This summary of the video was created by an AI. It might contain some inaccuracies.
00:00:00 – 00:10:48
The YouTube video discusses configuring Azure AD Kerberos and Windows Hello for Business to access on-premises resources with passwordless credentials. Steps include setting up TLS 1.2, installing modules, creating Kerberos user account, and deploying Windows Hello for Business enrollment profile. Windows Hello for Business configuration involves using TPM, PIN setup, biometric authentication, and creating a custom profile. The demonstration includes setting up a new device in Azure AD, enabling MFA, PIN, and Hello for Business, demonstrating file share access without passwords. The video emphasizes accessing on-premises resources with Azure AD joined devices using Windows Hello for Business and mentions exploring security key implementation in the future. Additional work is needed for Hello for Business devices to function in an Azure AD joined environment.
00:00:00
In this part of the video, the speaker addresses the need to configure Azure AD Kerberos and a Windows Hello for Business policy to access on-premises resources with passwordless credentials. The steps include running scripts in PowerShell ISE to set up TLS 1.2, installing necessary modules, setting up Azure AD Kerberos with admin credentials, and deploying a Windows Hello for Business enrollment profile via the InTune portal.
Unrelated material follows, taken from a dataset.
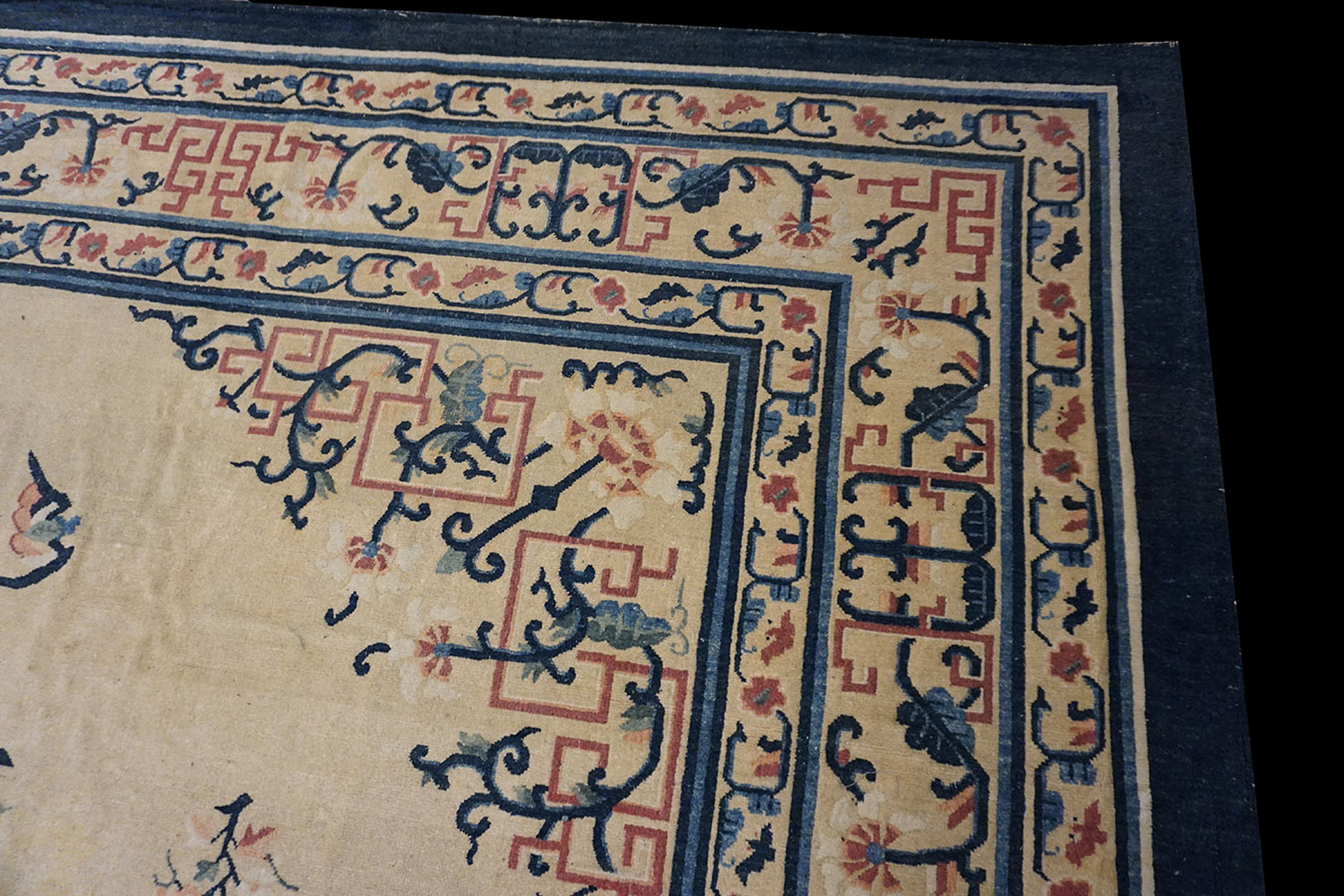 Antique Large Chinese – Peking Knotted Rug artisanal, Circa Date: 1920s. This exceptional piece represents the height of early 20th-century Chinese weaving, characterized by its refined palette and open field design typical of the Peking tradition. As a genuine example of antique rugs, its provenance and craftsmanship are immediately evident in the quality of the wool and the depth of the knotting.
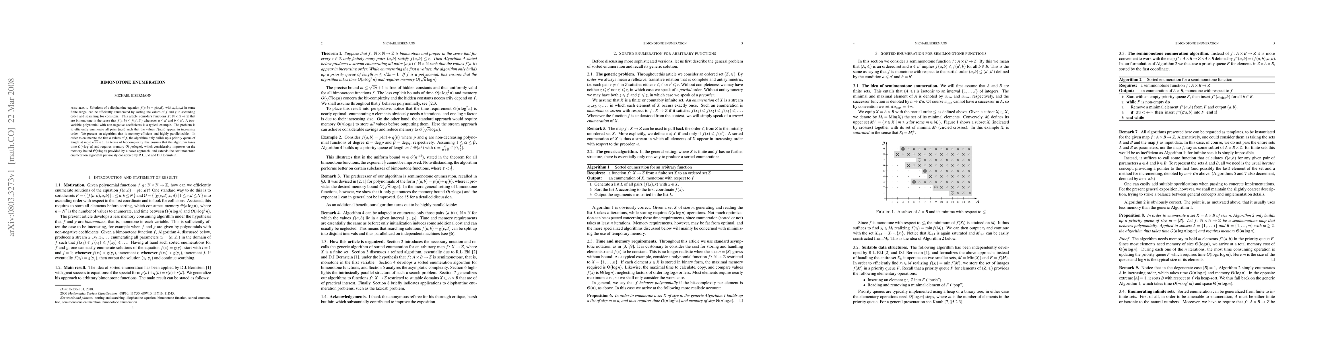 Solutions of a diophantine equation $f(a,b) = g(c,d)$, with $a,b,c,d$ in some finite range, can be efficiently enumerated by sorting the values of $f$ and $g$ in ascending order and searching for collisions. This article considers functions that are bimonotone in the sense that $f(a,b) \le f(a',b')$ whenever $a \le a'$ and $b \le b'$. A two-variable polynomial with non-negative coefficients is a typical example. The problem is to efficiently enumerate all pairs $(a,b)$ such that the values $f(a,b)$ appear in increasing order. We present an algorithm that is memory-efficient and highly parallelizable. In order to enumerate the first $n$ values of $f$, the algorithm only builds up a priority queue of length at most $\sqrt{2n}+1$. In terms of bit-complexity this ensures that the algorithm takes time $O(n \log^2 n)$ and requires memory $O(\sqrt{n} \log n)$, which considerably improves on the memory bound $\Theta(n \log n)$ provided by a naive approach, and extends the semimonotone enumeration algorithm previously considered by R.L. Ekl and D.J. Bernstein.

The process involves creating a Kerberos server user account and configuring the necessary settings for passwordless access.
00:03:00
In this segment of the video, the speaker shows how to configure Windows Hello for Business. They recommend using a trusted platform module for security verification and set the minimum PIN length to six and the maximum to 227. Biometric authentication and enhanced anti-spoofing can be enabled. The next step involves creating a custom configuration profile for Windows Hello for Business Cloud Trust. The profile is set up with a specific string including the device vendor and tenant ID, with the data type set to Boolean. Finally, the profile is saved and deployed to all users without any applicability rules. The video also briefly showcases a demo file share environment for testing purposes.
00:06:00
In this segment of the video, the speaker sets up a new device by joining it to an Azure AD environment as a corporate machine. They configure Multi-Factor Authentication (MFA), set up a PIN, and enable Hello for Business. By running the command ‘k-list’, they show how tickets are created for users connecting to domain controllers and Azure AD, allowing access to on-premise resources without a password.
00:09:00
In this segment of the video, the speaker showcases the process of accessing a domain controller (dc1) successfully from an Azure ID joined device. The device is not domain joined or hybrid domain joined but is Azure ID joined with a user on premises. They demonstrate accessing a file share by typing /dc1 in the file share, showing read-only and writeable file shares. The speaker emphasizes accessing on-premises resources using an Azure ID joined computer with Windows Hello for Business, highlighting the lack of password requirement for accessing the file share. They mention exploring different methods like using a security key with Windows Hello for Business in a future video. The video concludes by mentioning that some additional work is required to make Hello for Business devices function in an Azure AD joined environment.